**INSTRUCTIONS FOR THE TASK:** Quote the lines below from the one containing "Поэтому, обращаясь к" to the final line, both ends included; exclude the pictures.

**SUPPLIED MATERIAL:**

#####

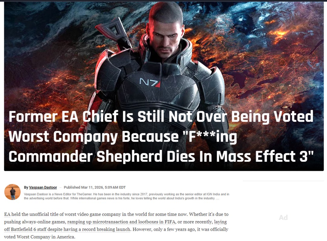 “那时候,英国石油公司(BP)正在污染墨西哥湾。美国银行因为次贷危机把全球经济拖下水。但《质量效应3》里他妈的指挥官谢泼德死了,于是我们就成了美国最糟糕的公司。”
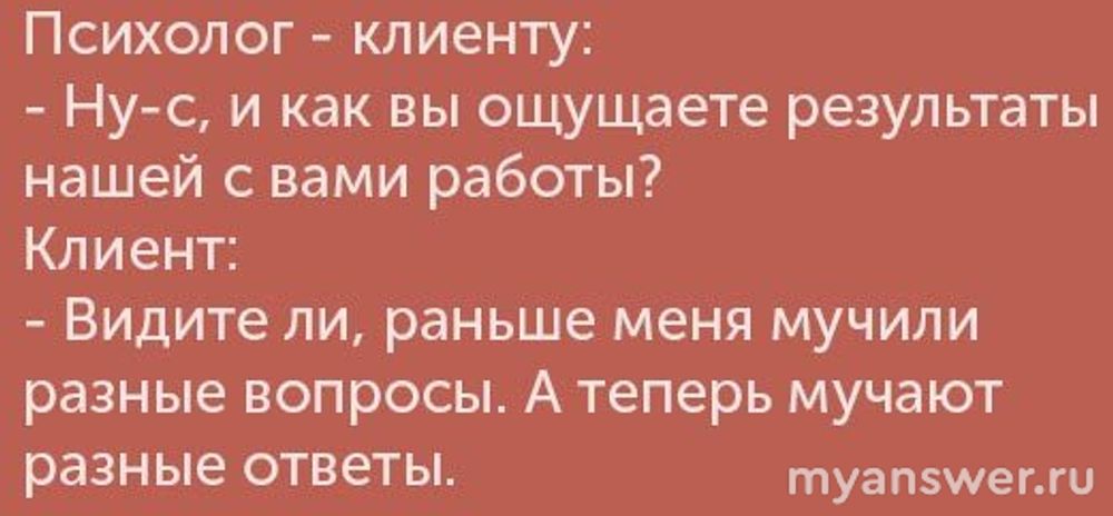 Поэтому, обращаясь к психологу, человек надеется получить положительный результат, помощь в решении своих проблем или хотя бы поднятие настроения от посещения.
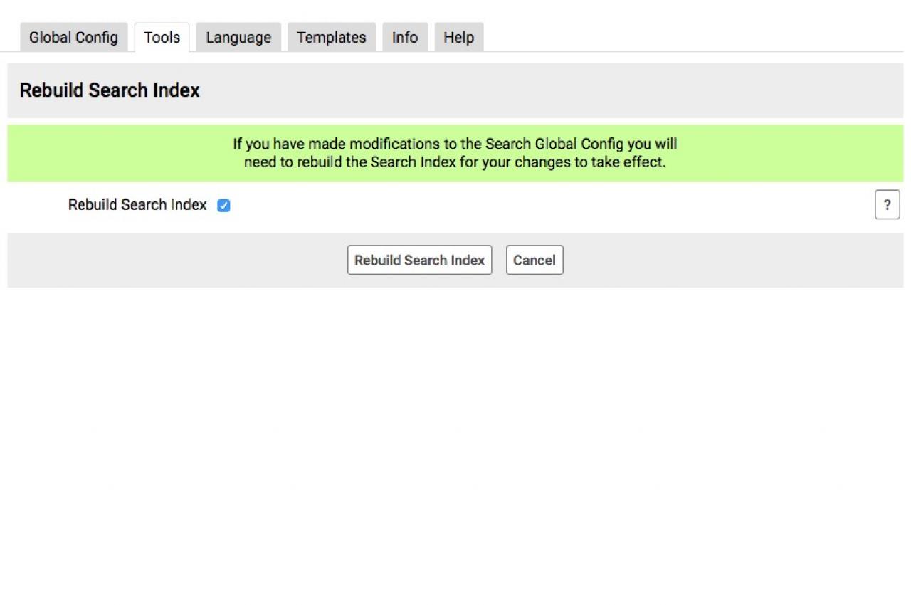5) On the Rebuild Search Index form, make sure the "Rebuild Search Index" box is checked, then press the "Rebuild Search Index" button

#####

**RESULT:**
 Поэтому, обращаясь к психологу, человек надеется получить положительный результат, помощь в решении своих проблем или хотя бы поднятие настроения от посещения.
5) On the Rebuild Search Index form, make sure the "Rebuild Search Index" box is checked, then press the "Rebuild Search Index" button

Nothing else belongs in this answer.